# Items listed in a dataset
----------
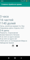 Данный мобильный клиент предлагает оригинальное деление времени, которое применялась славянскими предками. Вы получите информацию о количестве часов, долей и частей в актуальных сутках. Сразу стоит отметить, что применяемые обозначения никак не связаны со стандартным делением времени. Разработчики утверждают, что у славяно-ариев день длится 16 часов. Каждый из них соответствует 90 минутам. А сутки начинаются только тогда, когда осуществится заход солнце.Помимо текущего времени приложение предоставляет информацию о летоисчислении. То есть, вы можете узнать актуальный месяц и сутки, небольшое предписание о поведении в текущий день. У славяно ариев годы классифицированны на три сезона и 9 месяцев. То есть, календарь состоит из весны, осени и зимы. Лето обозначает период, который соответствует году. Он начинается во время осеннего равноденствия. В данной программе вы можете узнать, какое идёт лето в круге жизни у славяно ариев, что весьма интересно.
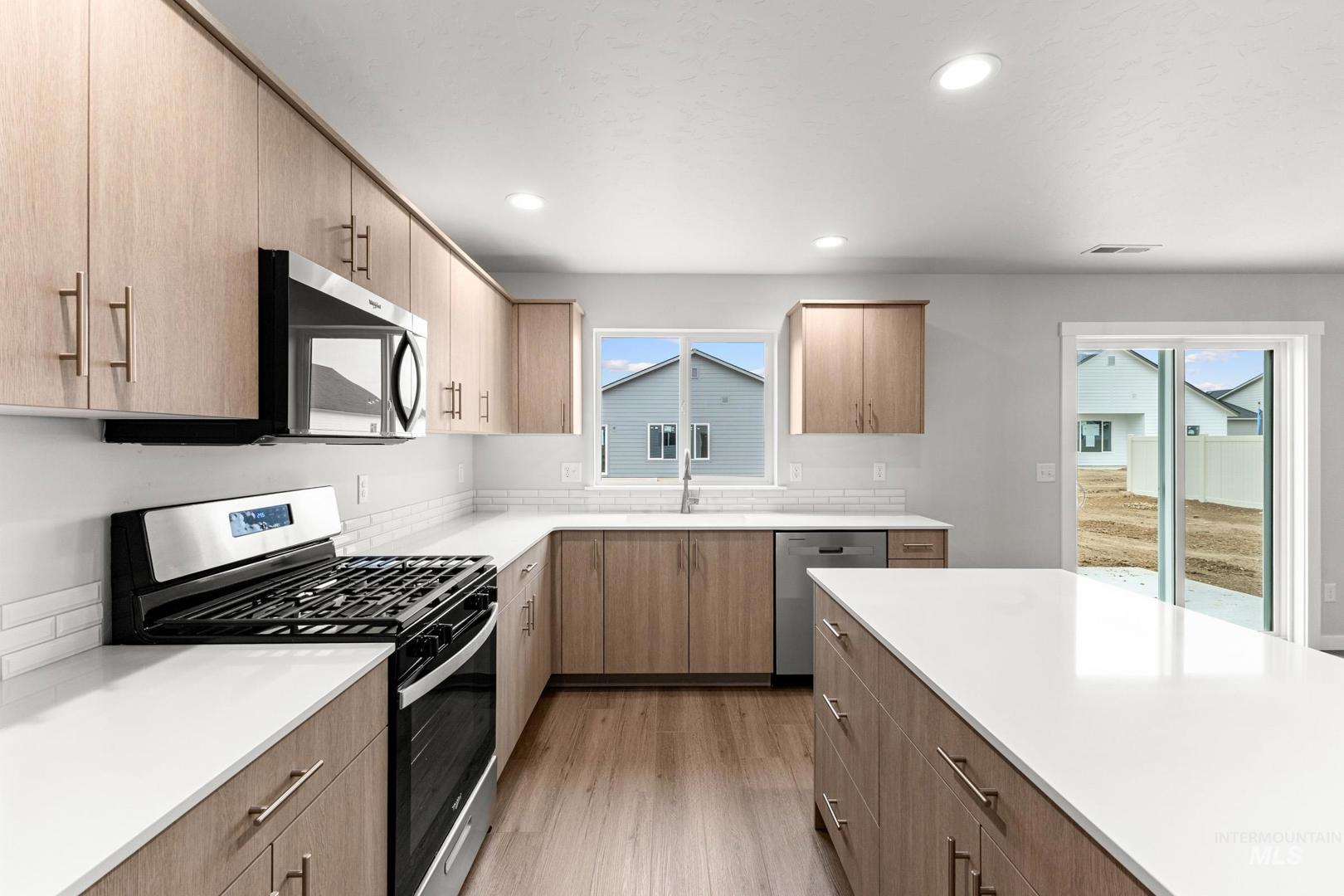 Get Lucky with 3.49% – promotional rate available! Ask a Sales Specialist for details. Embrace the comforts of a brand new home in Nampa, Idaho. The Lennox 2332 invites you into a beautifully balanced two-story design where comfort and style come together effortlessly, offering an upstairs retreat with the primary suite, three additional bedrooms, and a bright loft that feels like a private escape at the end of the day. The main level opens into a spacious living, dining, and kitchen area that flows seamlessly, complemented by a generous flex room perfect for an office, library, or creative space. The kitchen boasts upgraded finishes, including stainless steel appliances, a gas range, and stylish solid surface countertops. Easy access to the patio enhances indoor-outdoor enjoyment, creating the ideal setting for relaxing or entertaining. A thoughtfully designed laundry area adds even more convenience, while modern finishes throughout bring a refined touch to every corner. With its intentional layout and inviting atmosphere, the Lennox 2332 delivers a home that feels both sophisticated and effortlessly livable. Potential RV parking available. Photos are of the actual home!
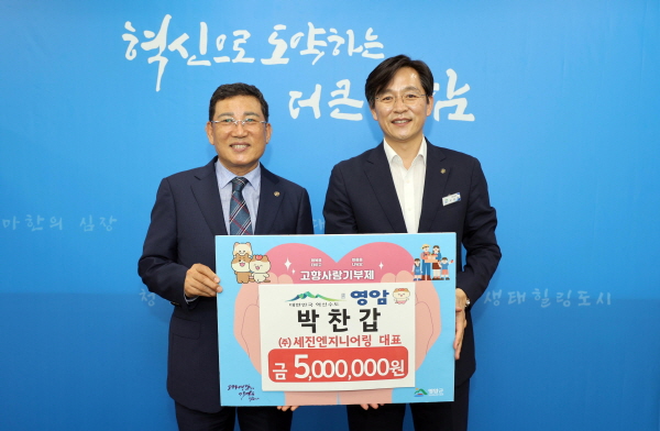 (전남=NSP통신) 강현희 기자 = 박찬갑 세진엔지니어링 대표가 23일 영암군청을 찾아 지역발전을 위해 써달라며 고향사랑기금 500만원을 기부했다.
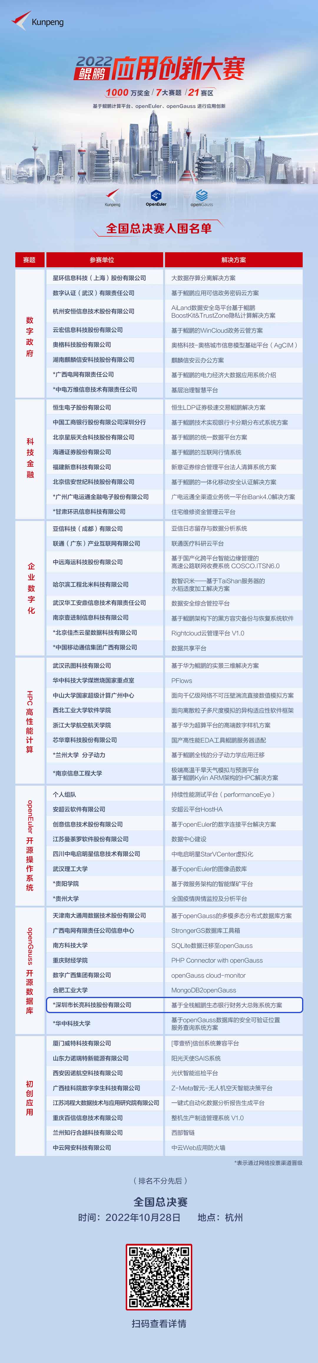 深圳賽區自正式啟動以來,不乏很多的業界知名企業參與其中。經過激烈的角逐競爭,及大賽組委會專家綜合評審,從方案創新性、技術領先性、商業前景性及社會價值四個維度出發,最終有56支晉級團隊從900+支隊伍中脫穎而出,而長亮科技憑借基于全棧鯤鵬生態銀行大總帳系統方案在openGauss開源數據庫賽道中一舉奪魁,榮獲深圳賽區第一名,順利晉級全國總決賽!
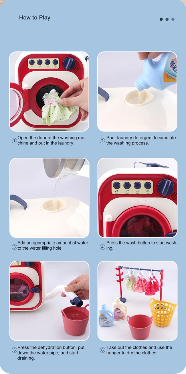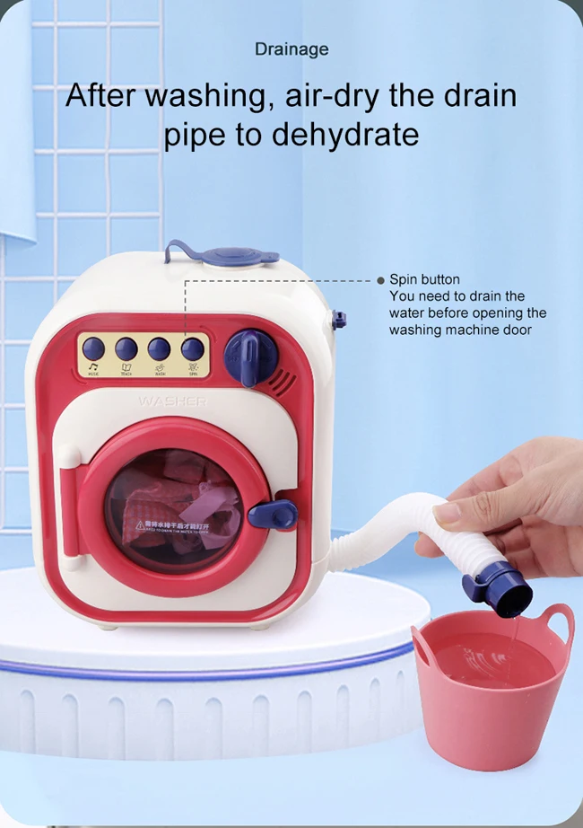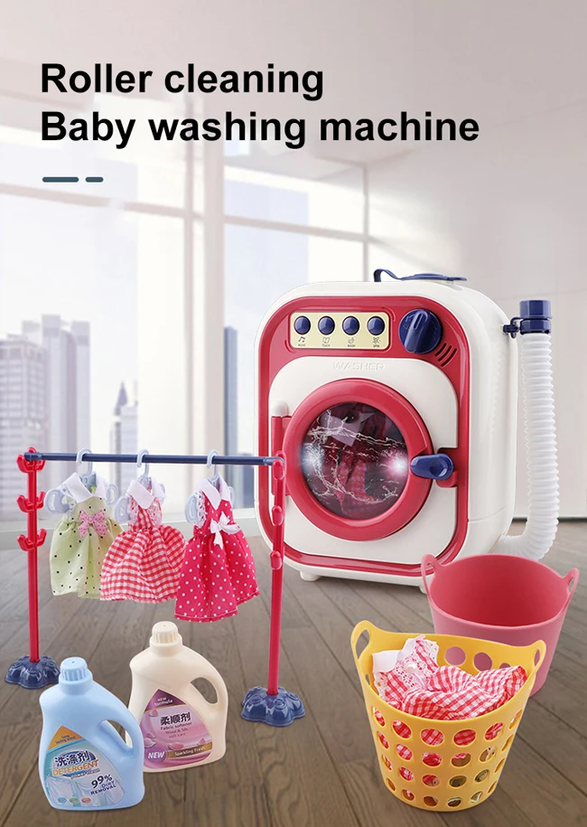 Battery Operated Electric Home Appliances Doll Dress Up Clothes Cleaner Kids Pretend Play Mini Toy Washing Machine For Kids
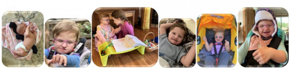 Overall, Amiyah’s development has progressed immensely! She has made amazing progress in all areas of her development. While playing on the floor, she is able to roll over for mobility and is able to ring sit on extended arms for a few minutes. She enjoys spending time on the floor on her belly or back, and she loves being able to move her body independently while playing! She absolutely loves movement and is very active with her family while hiking when positioned in a backpack, going on nature hikes in her adaptive jogging stroller, playing with her siblings while in her suspended swing, and playing with toys while seated in one of her adaptive chairs.
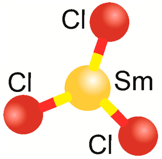 Samarium (III) chloride (Figure 4) was used as guest component [24]. This material, applied in the synthesis of Sm-organic compounds, demonstrates paramagnetic properties on a nanoscale level. Thus, it is sensitive to external fields with the desired magnetic properties.
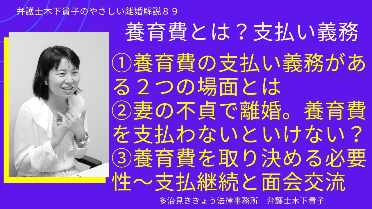 多治見ききょう法律事務所所長弁護士木下貴子(岐阜県弁護士会)が送るやさしい(優しく易しい)動画離婚解説。離婚手続きを自分で進める方法を,弁護士木下貴子(弁護士歴21年)がHPの「養育費とは 〜支払義務・取り決め方法・金額・支払継続対策」の記事を元に動画で解説しています▼
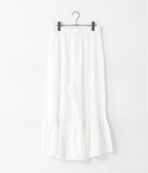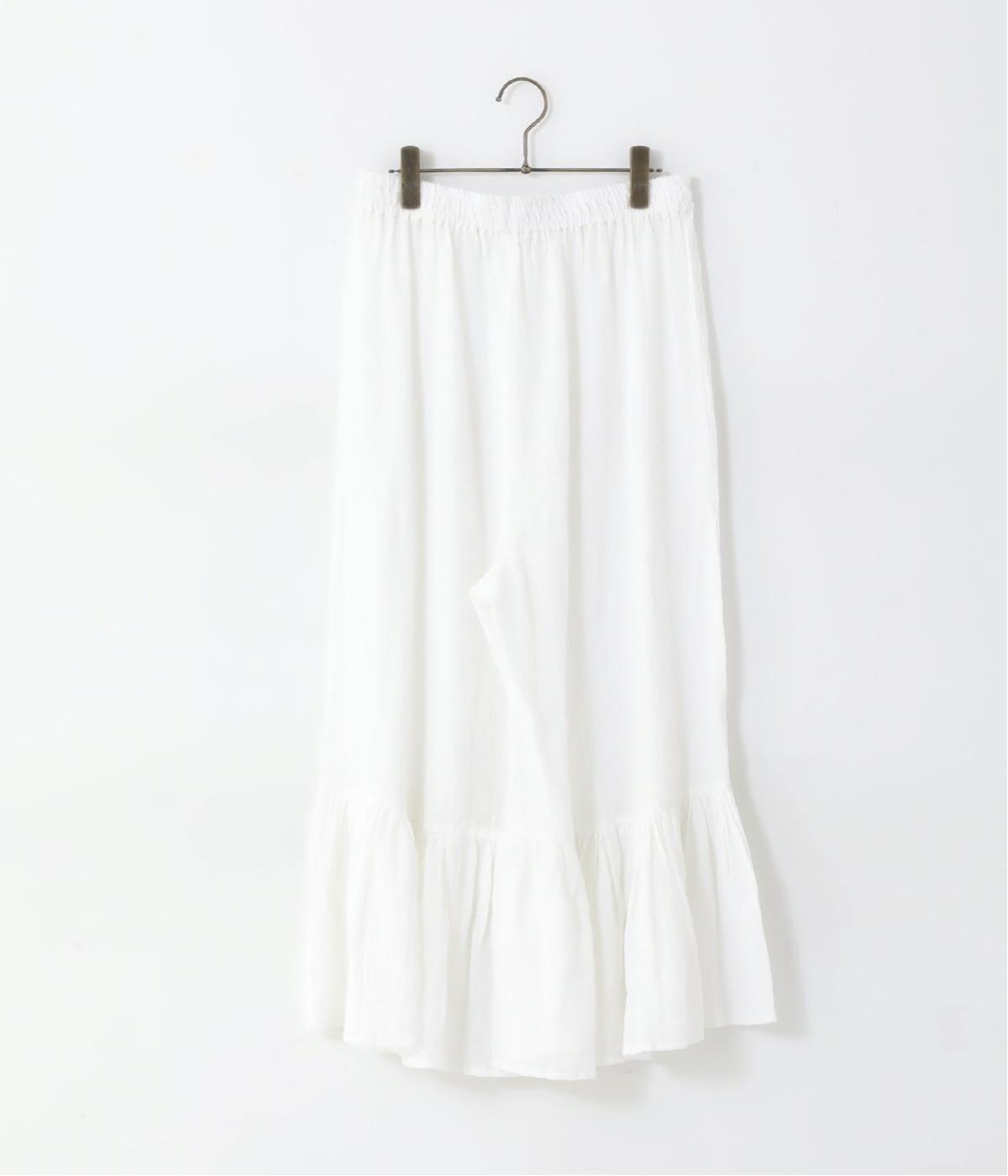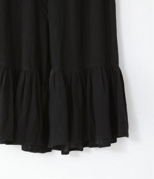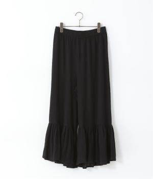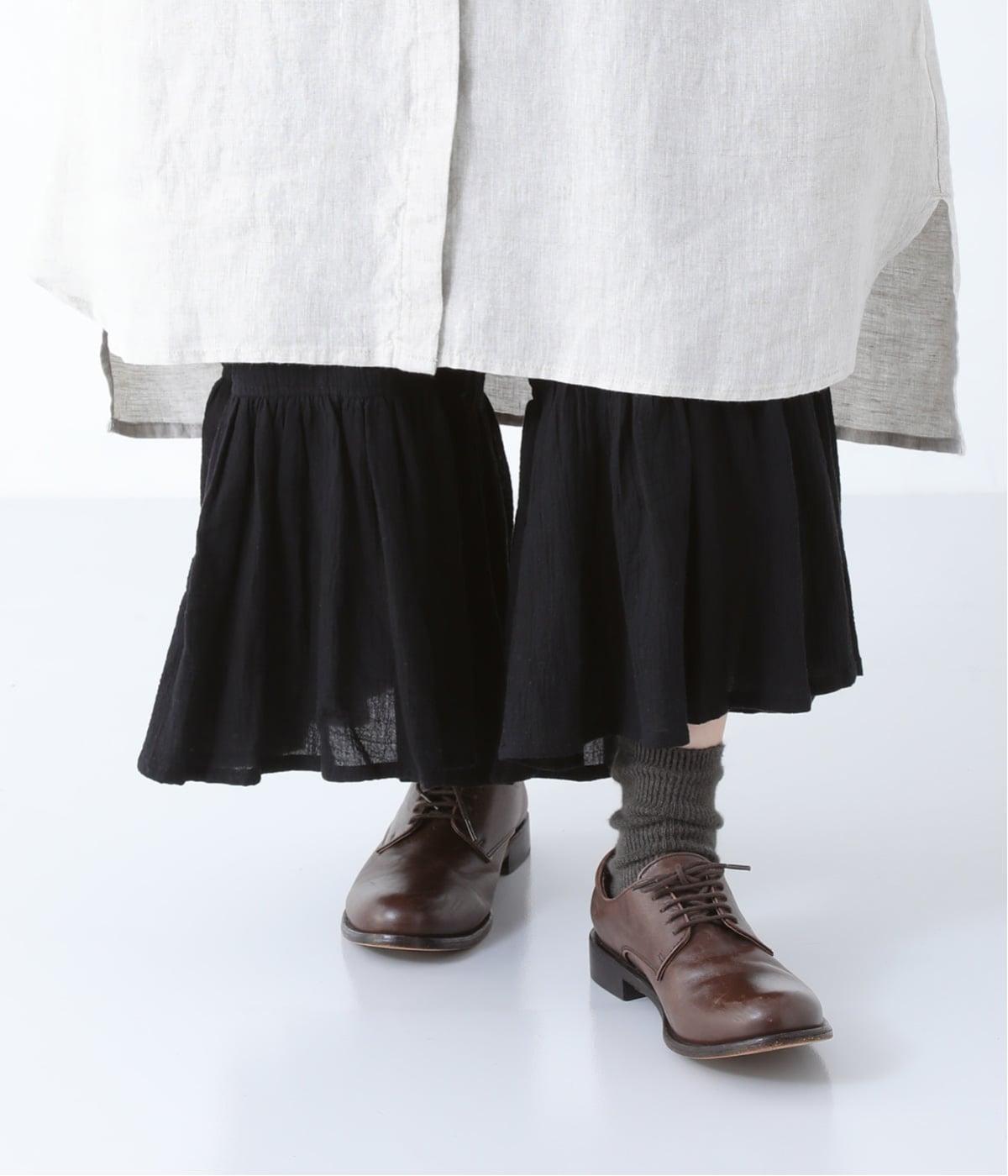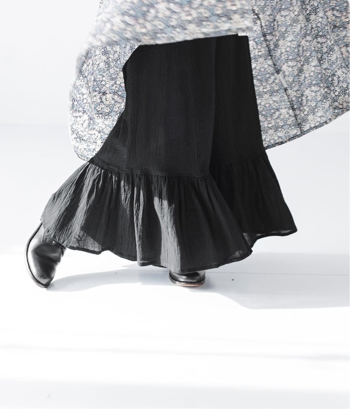 裾に切り替えとギャザーを入れた、女性らしいレイヤードスタイルをたのしめるぺチパンツ。パンツの足さばきの良さはそのままに、スカート見えするボリューム感を出しました。ウエストは一周ゴムでストレスフリーのはき心地です。
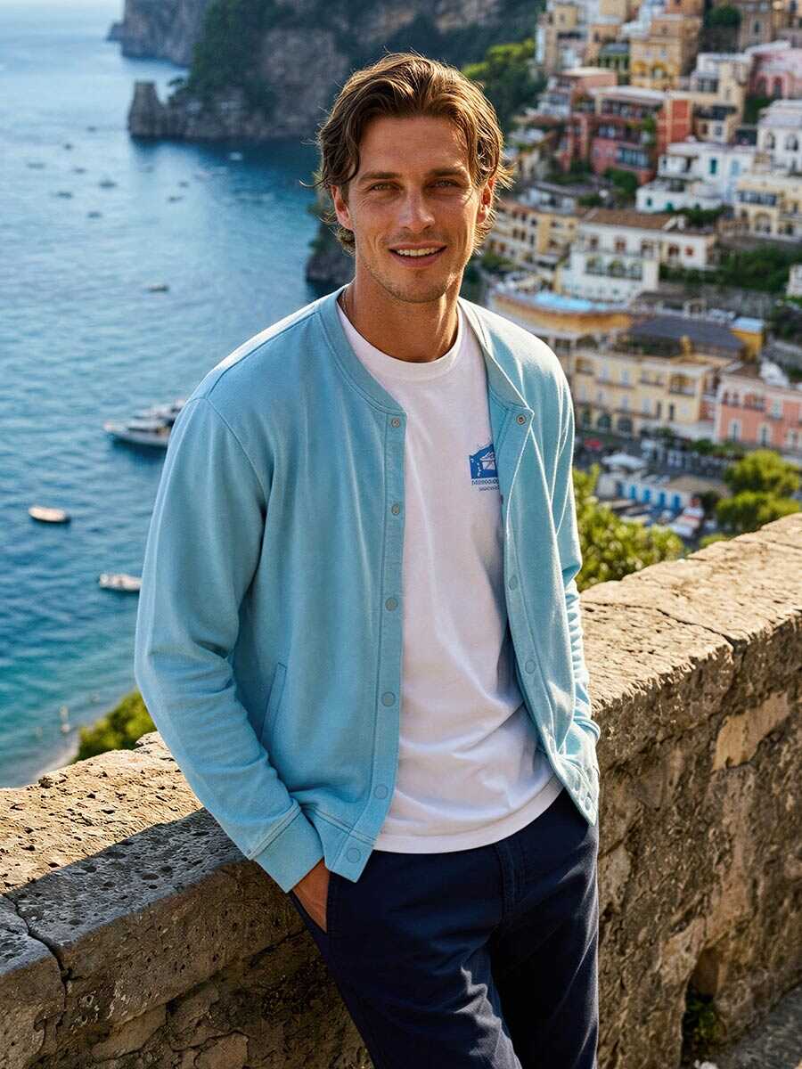 ターコイズブルーの1着をラフに羽織った姿は、爽やかな春の風を感じさせる。インナーの白Tシャツとのコントラストが美しく、肩の力が抜けたリラクシーな雰囲気が漂う。休日の朝、思わず袖を通したくなるような軽快さがあり、これを纏ってふらりと街へ出かければ、心身ともにリフレッシュできる確かな高揚感に包まれるだろう。
----------
# DESCRIPTION OF THE TASK
Return the records above verbatim, leaving out images.

# ANSWER AREA
 Данный мобильный клиент предлагает оригинальное деление времени, которое применялась славянскими предками. Вы получите информацию о количестве часов, долей и частей в актуальных сутках. Сразу стоит отметить, что применяемые обозначения никак не связаны со стандартным делением времени. Разработчики утверждают, что у славяно-ариев день длится 16 часов. Каждый из них соответствует 90 минутам. А сутки начинаются только тогда, когда осуществится заход солнце.Помимо текущего времени приложение предоставляет информацию о летоисчислении. То есть, вы можете узнать актуальный месяц и сутки, небольшое предписание о поведении в текущий день. У славяно ариев годы классифицированны на три сезона и 9 месяцев. То есть, календарь состоит из весны, осени и зимы. Лето обозначает период, который соответствует году. Он начинается во время осеннего равноденствия. В данной программе вы можете узнать, какое идёт лето в круге жизни у славяно ариев, что весьма интересно.
 Get Lucky with 3.49% – promotional rate available! Ask a Sales Specialist for details. Embrace the comforts of a brand new home in Nampa, Idaho. The Lennox 2332 invites you into a beautifully balanced two-story design where comfort and style come together effortlessly, offering an upstairs retreat with the primary suite, three additional bedrooms, and a bright loft that feels like a private escape at the end of the day. The main level opens into a spacious living, dining, and kitchen area that flows seamlessly, complemented by a generous flex room perfect for an office, library, or creative space. The kitchen boasts upgraded finishes, including stainless steel appliances, a gas range, and stylish solid surface countertops. Easy access to the patio enhances indoor-outdoor enjoyment, creating the ideal setting for relaxing or entertaining. A thoughtfully designed laundry area adds even more convenience, while modern finishes throughout bring a refined touch to every corner. With its intentional layout and inviting atmosphere, the Lennox 2332 delivers a home that feels both sophisticated and effortlessly livable. Potential RV parking available. Photos are of the actual home!
 (전남=NSP통신) 강현희 기자 = 박찬갑 세진엔지니어링 대표가 23일 영암군청을 찾아 지역발전을 위해 써달라며 고향사랑기금 500만원을 기부했다.
 深圳賽區自正式啟動以來,不乏很多的業界知名企業參與其中。經過激烈的角逐競爭,及大賽組委會專家綜合評審,從方案創新性、技術領先性、商業前景性及社會價值四個維度出發,最終有56支晉級團隊從900+支隊伍中脫穎而出,而長亮科技憑借基于全棧鯤鵬生態銀行大總帳系統方案在openGauss開源數據庫賽道中一舉奪魁,榮獲深圳賽區第一名,順利晉級全國總決賽!
 Battery Operated Electric Home Appliances Doll Dress Up Clothes Cleaner Kids Pretend Play Mini Toy Washing Machine For Kids
 Overall, Amiyah’s development has progressed immensely! She has made amazing progress in all areas of her development. While playing on the floor, she is able to roll over for mobility and is able to ring sit on extended arms for a few minutes. She enjoys spending time on the floor on her belly or back, and she loves being able to move her body independently while playing! She absolutely loves movement and is very active with her family while hiking when positioned in a backpack, going on nature hikes in her adaptive jogging stroller, playing with her siblings while in her suspended swing, and playing with toys while seated in one of her adaptive chairs.
 Samarium (III) chloride (Figure 4) was used as guest component [24]. This material, applied in the synthesis of Sm-organic compounds, demonstrates paramagnetic properties on a nanoscale level. Thus, it is sensitive to external fields with the desired magnetic properties.
 多治見ききょう法律事務所所長弁護士木下貴子(岐阜県弁護士会)が送るやさしい(優しく易しい)動画離婚解説。離婚手続きを自分で進める方法を,弁護士木下貴子(弁護士歴21年)がHPの「養育費とは 〜支払義務・取り決め方法・金額・支払継続対策」の記事を元に動画で解説しています▼
 裾に切り替えとギャザーを入れた、女性らしいレイヤードスタイルをたのしめるぺチパンツ。パンツの足さばきの良さはそのままに、スカート見えするボリューム感を出しました。ウエストは一周ゴムでストレスフリーのはき心地です。
 ターコイズブルーの1着をラフに羽織った姿は、爽やかな春の風を感じさせる。インナーの白Tシャツとのコントラストが美しく、肩の力が抜けたリラクシーな雰囲気が漂う。休日の朝、思わず袖を通したくなるような軽快さがあり、これを纏ってふらりと街へ出かければ、心身ともにリフレッシュできる確かな高揚感に包まれるだろう。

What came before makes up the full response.